Question

A particle moves along the \(x\) axis under the influence of a conservative force that is described by $$\overrightarrow{\mathbf{F}}=-\alpha x e^{-\beta x^{2}} \hat{\mathbf{i}}$$ where \(\alpha\) and \(\beta\) are constants. Find the potential energy function \(U(x)\).

Short answer

The potential energy function will be \(U(x) = -\alpha e^{-\beta x^{2}}\).

Step-by-step solution

Observe the Force Component

Notice that the force \(\overrightarrow{\mathbf{F}}\) is only along the x-axis and its expression is given by \(-\alpha x e^{-\beta x^{2}}\). The \(\hat{\mathbf{i}}\) indicates the direction of the force, which in this case is in the x-direction.

Implement the Relation Between Force and Potential Energy

Recall that the force is the negative gradient of potential energy. Hence, in terms of potential energy \(U(x)\), the force can be expressed as \(\overrightarrow{\mathbf{F}} = - \nabla{U(x)}\), where \(\nabla\) is the nabla operator symbolizing a vector differential. Since the force is acting only in the x-direction, this can be simplified to \(\overrightarrow{\mathbf{F}} = -\frac{d}{dx} U(x)\).

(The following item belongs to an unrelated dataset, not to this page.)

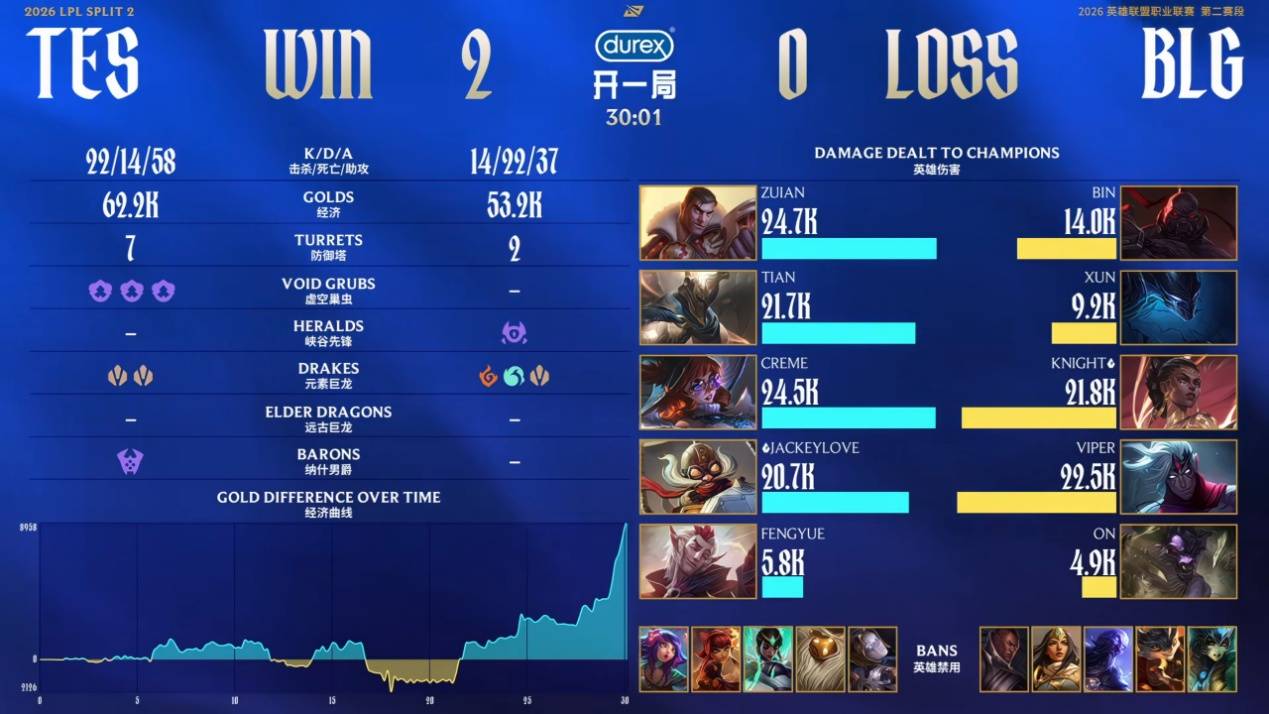 因塞恩发育不佳,BLG前排站不住,导致后期团战接不过,Viper的韦鲁斯也是发挥低迷,仅靠着Knight梅尔苦苦支撑,最终BLG是被TES横扫输掉了这场关键比赛,不败金身也就此告破。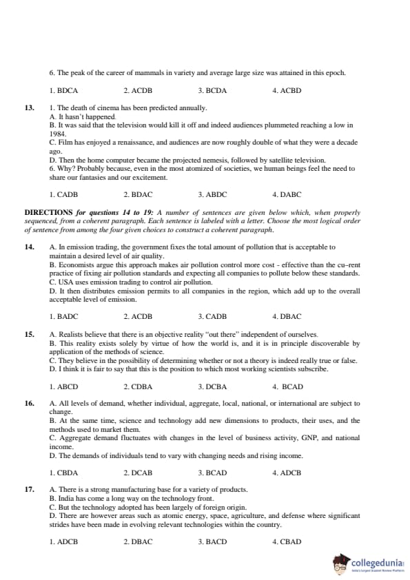 | CAT 2019 Question Papers | CAT 2018 Question Papers | CAT 2017 Question Papers |

Solve for the Potential Energy Function

Now integrate the force equation with respect to \(x\) to solve for \(U(x)\). This will yield: \(U(x) = - \int -\alpha x e^{-\beta x^{2}} dx\). To solve this type of integral, make a substitution, let \(u = \beta x^{2}\). This will convert the integral into the form: \(U(x) = \alpha \int e^{-u} du\). This integral results in \(-\alpha e^{-u}\). Now, revert back to the x variable by substituting \(u\) with \(\beta x^{2}\). Hence, the potential energy function will be \(U(x) = -\alpha e^{-\beta x^{2}}\). Finally, normally a constant of integration would abound, but dealing with potential energy we can choose our zero level freely, and therefore we can set this constant to zero.

Key concepts

Understanding Conservative Forces

At the heart of many physical systems is the concept of a conservative force. These are forces that have the special property of conserving mechanical energy, regardless of the path taken by the object upon which they act. In other words, the work performed by a conservative force on an object moving between two points is the same, no matter what path is taken.

Examples of conservative forces include gravity and electrostatic forces. Notably, in the context of the provided exercise, knowing that a force is conservative allows us to deduce the existence of a potential energy function, which is a scalar field representing the potential energy per unit mass at every point in space. This potential energy function is especially significant because it is related to the force experienced by a particle at any position along its trajectory. It's crucial to recognize that the change in potential energy is negative to the work done by the conservative force.

The Nabla Operator in Physics

The nabla operator, denoted as abla, is a vector differential operator used extensively in physics. It enables the calculation of quantities like the gradient, divergence, and curl, which are central to the fields of classical mechanics, electromagnetism, and fluid dynamics.

In the simplest terms, the nabla operator is a symbolic representation that encapsulates the information of partial derivatives concerning the spatial variables. When applied to a scalar field like the potential energy function, it yields the gradient of that field, which tells us how the function changes over space. In the case of a one-dimensional problem like our textbook exercise, the nabla operator reduces to a simple derivative with respect to the single spatial variable.

Gradient in Physics

To gain deeper insights into conservative forces and potential energy, it's helpful to explore the gradient. In physics, the gradient represents the rate and direction of change in a scalar field. The gradient points in the direction of the greatest increase of the function, and its magnitude corresponds to the rate of increase.

In a physical sense, for a potential energy field, the gradient would indicate the direction in which the potential energy increases most rapidly. As seen in our exercise, the gradient also has a direct relationship with the force, given by abla U(x)abla U(x)—the force is the negative gradient of the potential energy function. This negative sign conveys that the force experienced by a particle will be in the direction that decreases its potential energy.

Integration in Physics

The process of integration in physics is a fundamental tool used to solve many problems, such as finding potential energies from forces. Integration can be thought of as summing infinitesimally small quantities to find a whole. It allows us to reconstruct a function (like potential energy) from its derivative (like force).

In our exercise, integration is employed to determine the potential energy function from the given force function. By integrating the negative of the force with respect to position, we are effectively accumulating the work done by the force over a certain distance, which corresponds to the change in potential energy. This integral gives us the potential energy function up to a constant, which can typically be set to zero at a point where the potential energy is arbitrarily defined to be zero.